Potential for modulation of the hydrophobic effect inside chaperonins

Despite the spontaneity of some in vitro protein folding reactions, native folding in vivo often requires the participation of barrel-shaped multimeric complexes known as chaperonins. Although it has long been known that chaperonin substrates fold upon sequestration inside the chaperonin barrel, the precise mechanism by which confinement within this space facilitates folding remains unknown. In this study, we examine the possibility that the chaperonin mediates a favorable reorganization of the solvent for the folding reaction. We begin by discussing the effect of electrostatic charge on solvent-mediated hydrophobic forces in an aqueous environment. Based on these initial physical arguments, we construct a simple, phenomenological theory for the thermodynamics of density and hydrogen bond order fluctuations in liquid water. Within the framework of this model, we investigate the effect of confinement within a chaperonin-like cavity on the configurational free energy of water by calculating solvent free energies for cavities corresponding to the different conformational states in the ATP- driven catalytic cycle of the prokaryotic chaperonin GroEL. Our findings suggest that one function of chaperonins may be to trap unfolded proteins and subsequently expose them to a micro-environment in which the hydrophobic effect, a crucial thermodynamic driving force for folding, is enhanced.

💡 Research Summary

The paper investigates how the interior of a chaperonin, specifically the bacterial GroEL‑GroES system, can modulate the hydrophobic effect of water to promote protein folding. While many proteins fold spontaneously in vitro, in vivo they often require the barrel‑shaped GroEL complex. The authors propose that the chaperonin does more than simply sequester an unfolded chain; it reorganizes the surrounding solvent so that the thermodynamic driving force of the hydrophobic effect is amplified.
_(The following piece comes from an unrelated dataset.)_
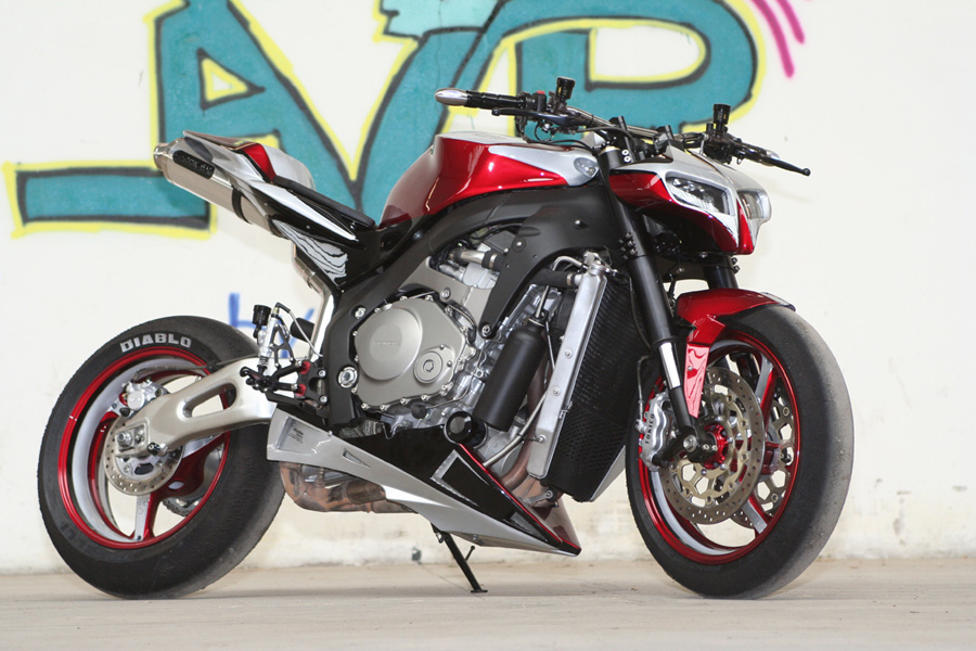 間違っても幅700mm以下、背筋ピーンと垂直になるキョンシーハンドルは付けない様に注意して頂きたい!ユーロ系ストリートファイターへの道のりは遠のいてしまうでしょう(笑)

First, the authors review how electrostatic charge influences solvent‑mediated hydrophobic forces. Charged surfaces perturb the hydrogen‑bond network of water, altering both density fluctuations and orientational order. Building on this, they construct a phenomenological free‑energy functional that depends on two collective variables: the local water density (ρ) and a hydrogen‑bond order parameter (S). The functional includes quadratic terms in ρ and S and a cross‑term ρ·S, with coefficients calibrated against experimental compressibility, heat capacity, and molecular‑dynamics data. This simple model captures the essential physics of density and orientational fluctuations in liquid water.
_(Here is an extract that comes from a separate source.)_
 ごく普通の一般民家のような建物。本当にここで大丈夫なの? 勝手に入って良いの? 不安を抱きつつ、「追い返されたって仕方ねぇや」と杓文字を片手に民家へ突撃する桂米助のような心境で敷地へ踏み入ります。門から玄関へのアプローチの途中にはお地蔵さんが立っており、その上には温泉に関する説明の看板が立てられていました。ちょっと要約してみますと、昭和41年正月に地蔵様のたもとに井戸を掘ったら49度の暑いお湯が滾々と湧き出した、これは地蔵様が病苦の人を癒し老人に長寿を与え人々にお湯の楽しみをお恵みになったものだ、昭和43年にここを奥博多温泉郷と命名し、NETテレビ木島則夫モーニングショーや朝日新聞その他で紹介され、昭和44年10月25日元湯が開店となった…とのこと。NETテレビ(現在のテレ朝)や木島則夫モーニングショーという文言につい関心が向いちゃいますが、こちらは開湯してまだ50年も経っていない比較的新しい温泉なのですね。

Next, the authors apply the model to three representative GroEL cavity states that correspond to distinct stages of the ATP‑driven catalytic cycle: (1) an open, ATP‑free state; (2) an intermediate, ATP‑bound state prior to GroES attachment; and (3) a closed, GroES‑capped state after ATP hydrolysis. Each state is characterized by a different cavity radius and surface charge density, which serve as boundary conditions for the water free‑energy functional. By minimizing the functional under these constraints, they compute the configurational free energy of water inside each cavity.

The calculations reveal that the closed, GroES‑capped cavity produces the strongest enhancement of the hydrophobic effect. In this state, the hydrogen‑bond order parameter S is significantly higher than in bulk water, indicating a more ordered network, while the density ρ is modestly reduced. This combination lowers the free energy cost of creating a hydrophobic interface, effectively “pre‑organizing” the solvent to expel non‑polar residues of the encapsulated polypeptide. Consequently, the unfolded protein experiences a solvent environment that favors rapid collapse of hydrophobic cores and formation of native contacts.
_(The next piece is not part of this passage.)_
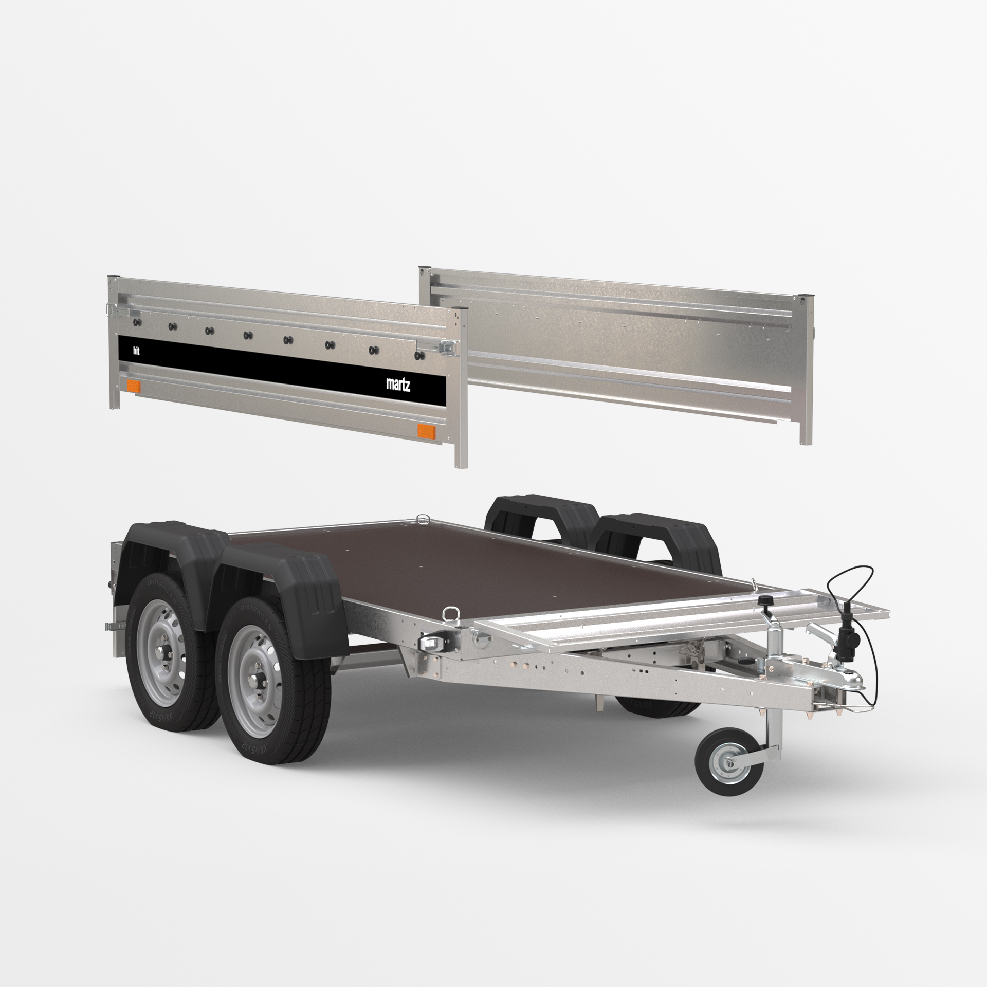 Remorque de transport conçue pour assurer un transport sécurisé de diverses charges. Grâce a des ridelles de 40 cm de hauteur et aux ridelles avant et arriere basculantes, le chargement et le déchargement sont rapides et pratiques. La structure soudée garantit une grande durabilité, tandis que le timon basculant améliore le confort d'utilisation. Les butées sur le châssis arriere assurent une position stable de la remorque sur sa ridelle arriere, ce qui lui permet d’occuper peu d’espace lors du stockage.

Temperature and pressure sensitivity analyses show that the enhancement persists over a broad range of physiological conditions. At elevated temperatures, S decreases but remains above bulk values within the closed cavity, preserving a net hydrophobic driving force. Increased pressure raises bulk water density, which would normally weaken hydrophobic interactions, yet the confinement‑induced ordering partially compensates for this effect.

In the discussion, the authors contrast their solvent‑centric mechanism with earlier “mechanical compression” and “active site” hypotheses. Rather than applying a direct mechanical force to the substrate, the chaperonin manipulates the thermodynamic landscape of the solvent, thereby indirectly guiding the folding pathway. This perspective aligns with experimental observations that GroEL can accelerate folding even when the substrate does not make extensive contacts with the cavity walls.

The paper concludes that one fundamental function of chaperonins may be to create a micro‑environment where water’s density and hydrogen‑bond fluctuations are tuned to amplify the hydrophobic effect, thus facilitating efficient native folding. The authors suggest that this insight could inform the design of synthetic nanocages and engineered chaperonin variants, and they call for combined spectroscopic and simulation studies to validate the proposed model across different chaperonin families.